Dooley et al. [11] presented that the activation of mixture fuel is mainly affected by n-alkanes. Therefore, the key to constructing the fuel chemical kinetic model of F–T fuel is to construct the n-dodecane skeletal mechanism accurately. Westbrook et al., of Laurence Livermore National Laboratory (LLNL) [12], constructed a detailed kinetic mechanism of n-dodecane, which is validated to be able to reproduce the combustion characteristics of n-dodecane.

In this study, the n-dodecane model is established based on LLNL’s detailed model [12] because it involves the oxidation process of heavy alkanes from low temperatures to high temperatures. Moreover, as an important component of gasoline fuel, iso-octane has been widely studied as a surrogate fuel for gasoline and aviation kerosene, and so on. In this study, the i-C₈H₁₈ sub-mechanism is constructed based on the skeletal mechanism constructed by Liu et al. [13,14].

2.2. Direct Relationship Graph (DRG) Method

Due to the considerable species and reactions in the detailed mechanism, the relationship between the different components is too complex to reduce. The direct relation graph (DRG) is used to describe the coupling relationship between each component, which provides a good solution for eliminating the unimportant components and dealing with the relationships between components.

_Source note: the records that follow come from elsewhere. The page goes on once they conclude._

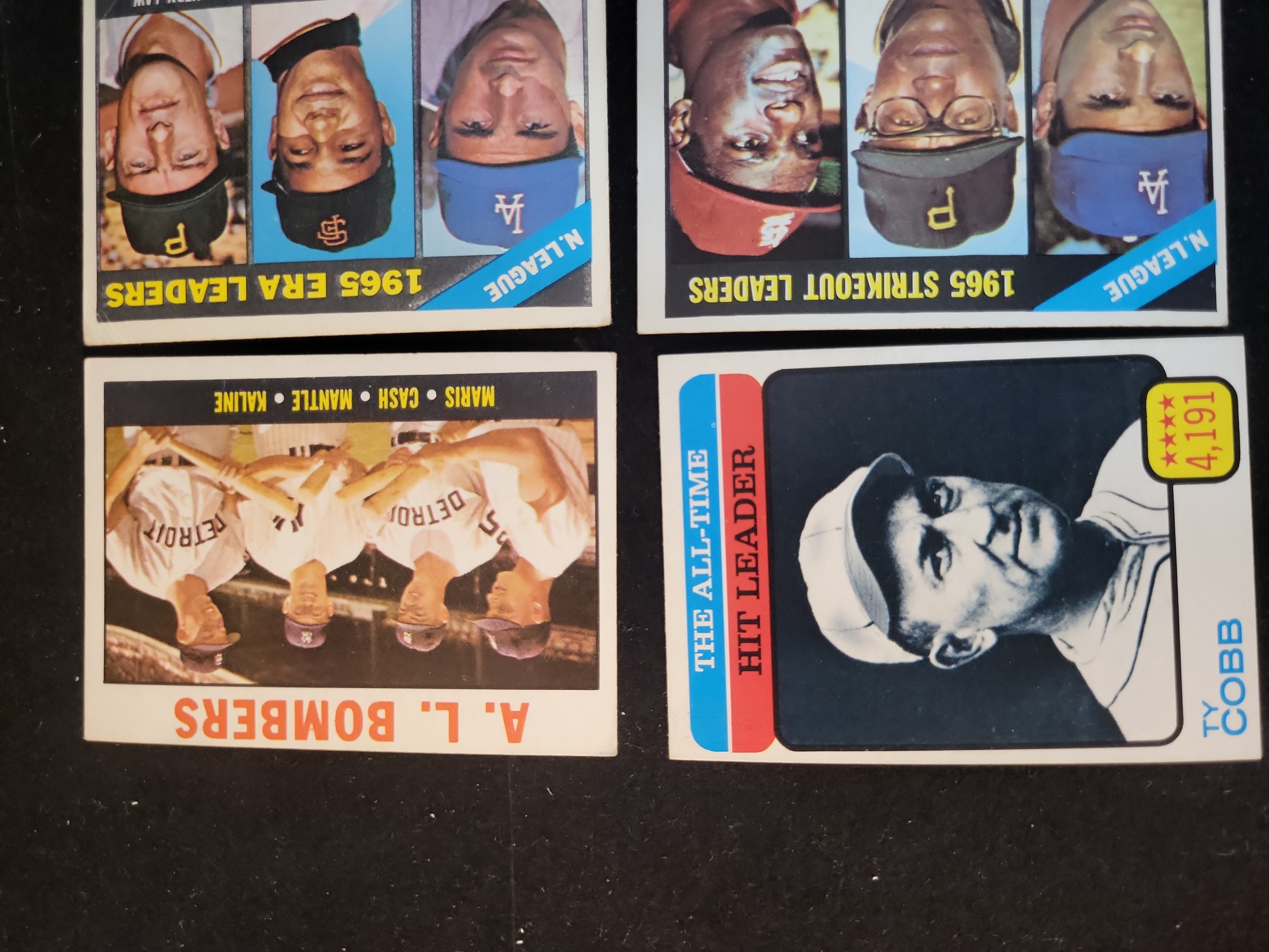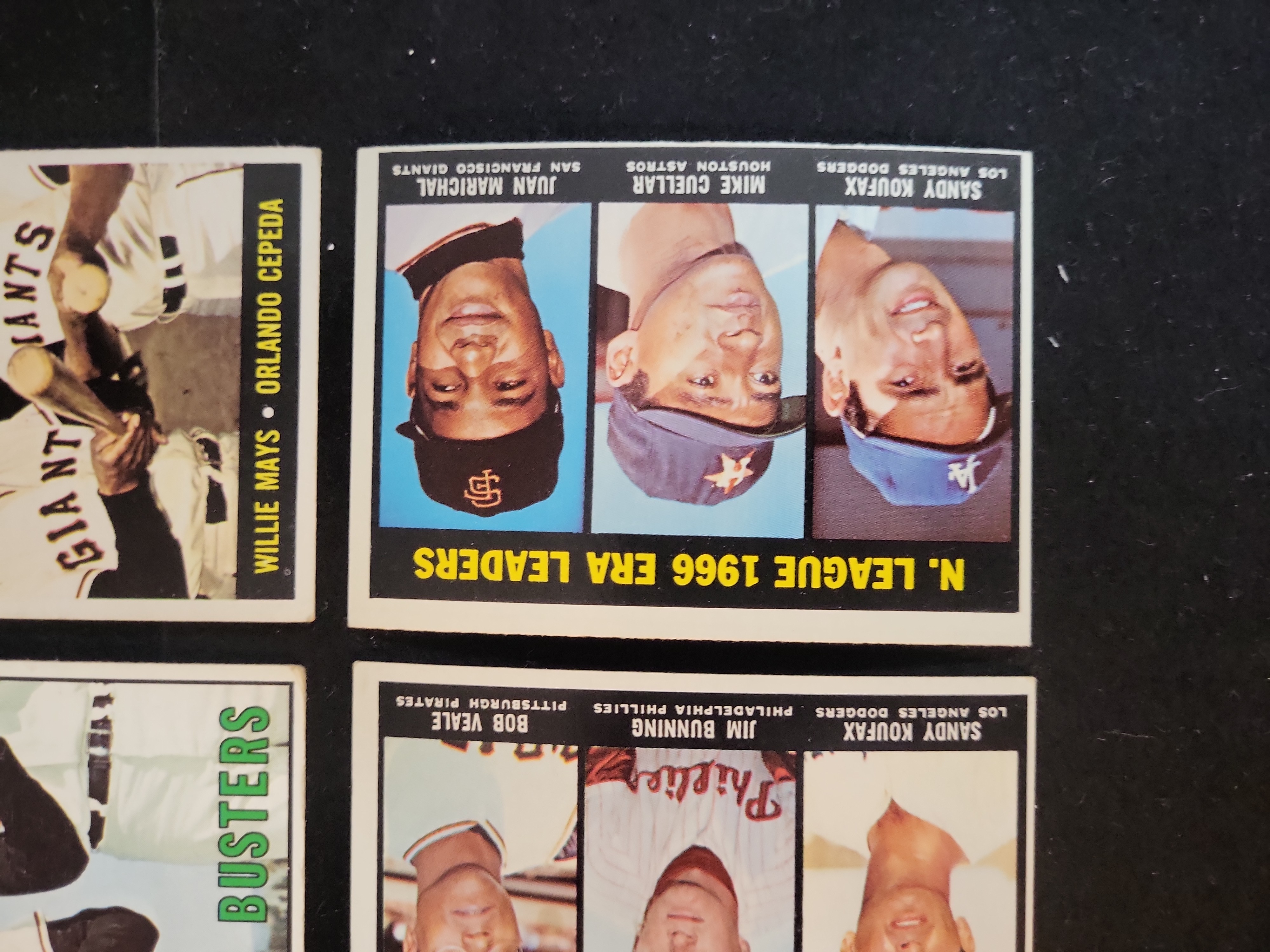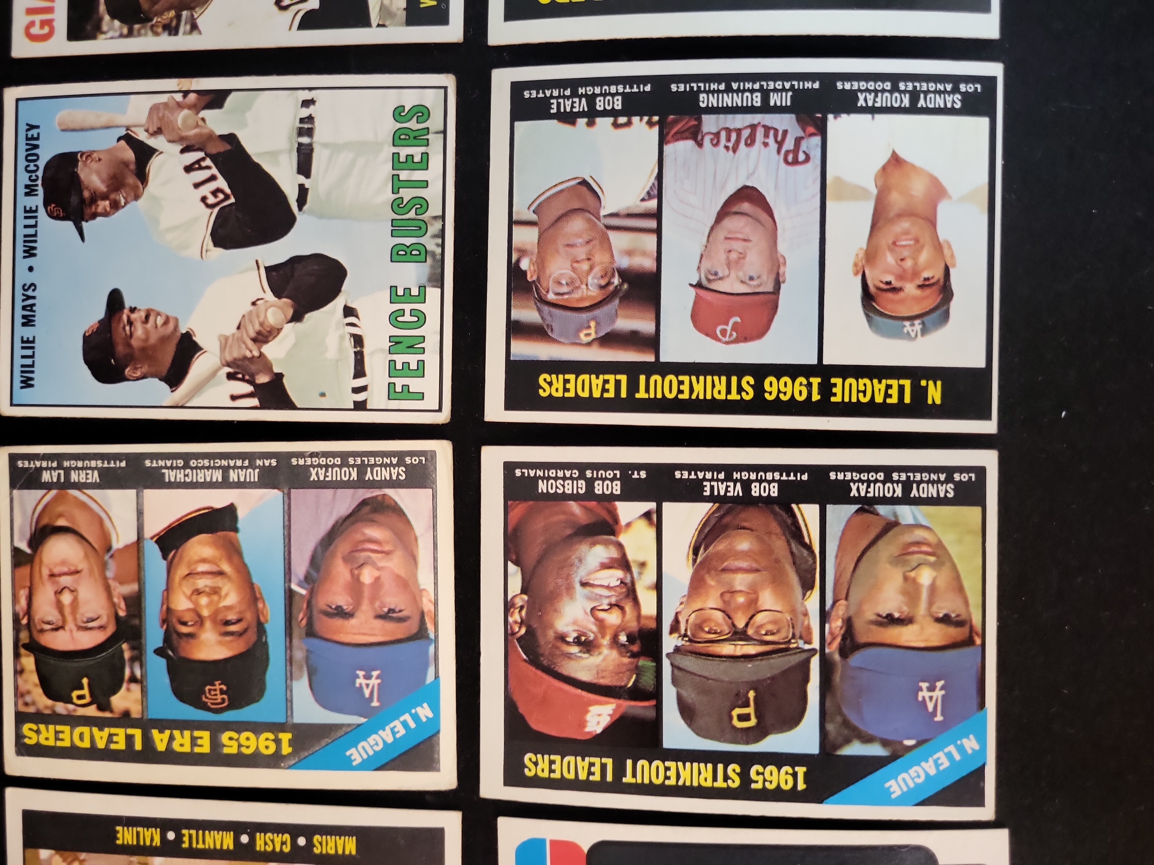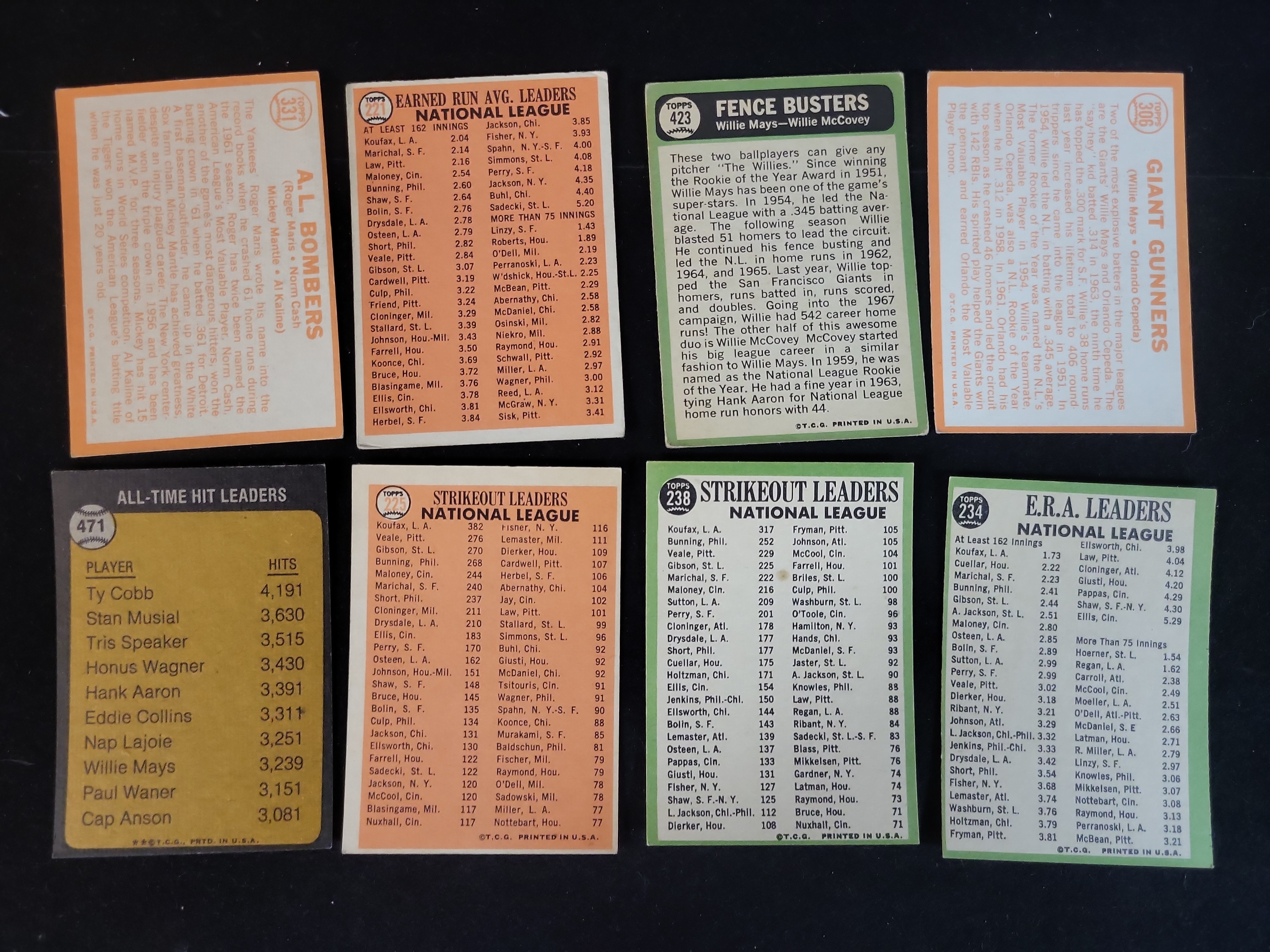 Topps, 1964-1973, Base Set and Subsets, #331, #221, #423, #306, #471, #225, #238, #234. Featured players include Mickey Mantle, Willie Mays, Sandy Koufax, Roger Maris, Ty Cobb, Bob Gibson, Juan Marichal, and Jim Bunning. No rookie cards present. Special subsets include A.L. Bombers, Fence Busters, Giant Gunners, and League Leaders. All cards are raw and uncertified.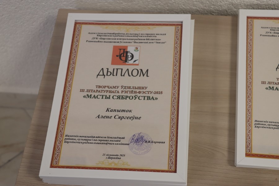 Удзельнікі фэсту – аматары прыгожага пісьменства і дзелавыя партнёры Бярэзінскай цэнтральнай раённай бібліятэкі па рэалізацыі праекта адзначаны дыпломамі. Літаратары пакінулі ў падарунак для бібліятэкі кнігі з аўтографамі.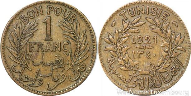R8309 Tunisia Bon pour 1 Franc AH 1340 1921 A Paris -> Make offer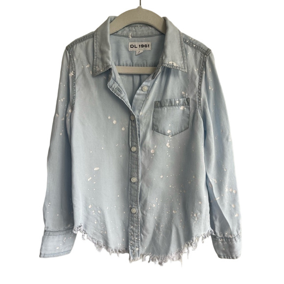 DL1961 Kids Button Down Short. Size 5. Edgy and cool with frayed bottom. Design has white paint splatter. Excellent condition like new! Purchased through boutique so it’s a unique piece!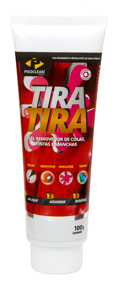 Tira Tira é um gel destinado à remoção de colas, tintas, manchas e sujeiras em geral. Pode ser usado em todos os tipos de superfícies, pois não as danifica. O produto é ideal para tirar também adesivos e chicletes.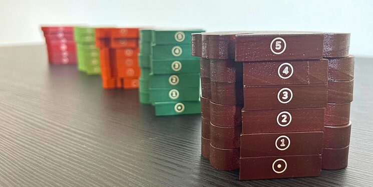 El tablero esta constituido por losetas o círculos individuales (“tierras”), cada uno con un valor numérico, empezando con la de menos valor que es la del 2.

In DRG, if the change in component B will cause great errors in component A, component B is more important than component A, as shown below:

$$r_{A,B}=\frac{{\displaystyle \sum _{i=1,I}\left|{\nu }_{A,i}{\omega }_i{\delta }_B^i\right|}}{{\displaystyle \sum _{i=1,I}\left|{\nu }_{A,i}{\omega }_i\right|}}$$

(1)

$${\mathsf{\delta }}_{\mathrm{B}}^{\mathrm{i}}=\{\begin{array}{l}1, \mathrm{if} \mathrm{the} \mathrm{i}-\mathrm{th} \mathrm{element} \mathrm{contains} \mathrm{B}\\ 0, \mathrm{others}\end{array}$$

(2)

where ${\omega }_i$ is the reaction rate of the i-th elementary reaction in the mechanism, ${\nu }_{A,i}$ is the stoichiometric coefficient of component A in the i-th elemental reaction, I is the total number of elementary reactions in the mechanism. $r_{AB}$ is the contribution rate of component B to A. When $r_{AB}$ is sufficiently large, removal of component B will result in a large error in A. In the DRG method, select the initial important component and set a threshold $\epsilon$ to remove unimportant components or reactions in the mechanism. In the process of reducing the detailed mechanism, $r_{AB}$ will change with the decrease in compositions. $I_{A,i}$ is defined as below:

$$I_{A,i}=\frac{\left|{\nu }_{A,i}{\omega }_i\right|}{{\displaystyle \sum _{i=1,I}\left|{\nu }_{A,i}{\omega }_i\right|}}$$

(3)

In DRG method, there are two steps to reduce a mechanism. Firstly, set the important components and the threshold. Secondly, calculate $I_{A,i}$ of the important components by Equation (3), then remove the reaction which $I_{A,i}$ is less than the threshold, otherwise retain it.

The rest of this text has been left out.